Differential Immunologic Effects of Short-Course and Long-Course Radiotherapy in Locally Advanced Rectal Cancer.

[PURPOSE] Two dominant neoadjuvant radiotherapy (RT) regimens are in common use for locally advanced rectal cancer (LARC): long-course RT (LCRT; 25 × 1.8 Gy) with concomitant chemotherapy and short-course RT (SCRT; 5 × 5 Gy), typically followed by systemic chemotherapy. This study uses serial sampling to investigate the evolution of systemic and local immune responses to different RT regimens in LARC.

[EXPERIMENTAL DESIGN] We conducted a serial sampling study involving patients receiving RT for LARC, in which longitudinal blood and tumor biospecimens were collected at baseline and at 2, 6, and 12 weeks after treatment initiation. Leukocyte concentrations via full blood count and a multiplex cytokine ELISA of plasma samples measured systemic changes. Multiplex immunofluorescence (CD8 and FOXP3) and RNA sequencing of tumor biopsies were used to assess local changes.
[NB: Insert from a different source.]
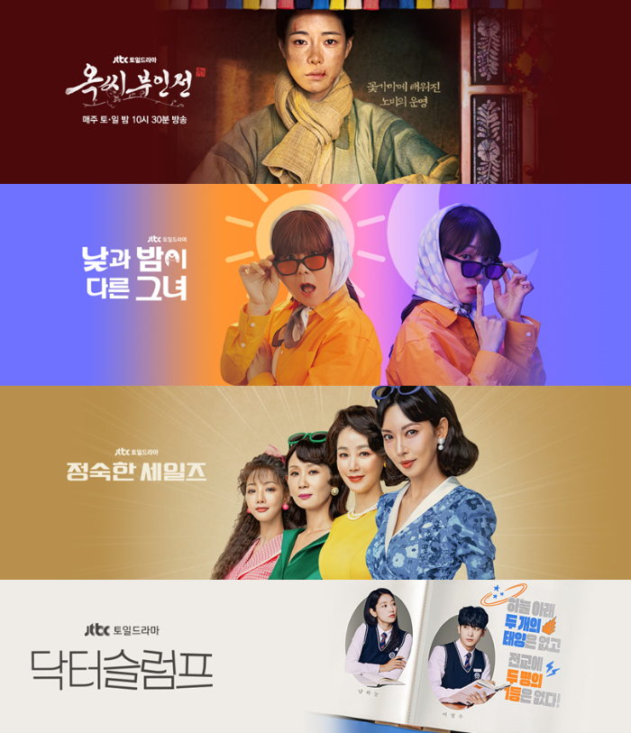 최근 1년 종편 종영 드라마 시청률 순위 5위까지도 [낮과 밤이 다른 그녀] 11.7%, [정숙한 세일즈] 8.6%, [닥터슬럼프] 8.2%, [끝내주는 해결사] 5.8%, [가족X멜로] 5.3% 등 모두 JTBC가 점령하고 있습니다.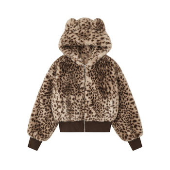 Özel Logo baskı Vintage kedi kulak leopar baskı bulanık ceket 2025 kış koleksiyonu boy kalınlaşmış üst Unisex

[RESULTS] Circulating lymphocyte concentrations tended to increase in SCRT patients and decrease in LCRT patients between week 2 and week 6 and were significantly lower in LCRT patients compared with SCRT patients at week 6 (P < 0.0001) and week 12 (P = 0.019). Additionally, we report higher densities of CD8+ and FOXP3+ tumoral lymphocytes from SCRT patients compared with LCRT patients at week 2 (CD8 P = 0.053; FOXP3 P = 0.023) and week 6 (CD8 P = 0.035; FOXP3 P = 0.0016).

[CONCLUSIONS] SCRT is less lymphodepleting and induces more frequent increases in intratumoral T-cell infiltration compared with LCRT. These results are relevant to the field of radiation-immune-oncology combination studies in LARC. Furthermore, these findings may underpin early trial results, in which higher rates of response to RT-immune checkpoint inhibitor combinations have been reported with SCRT-based regimens.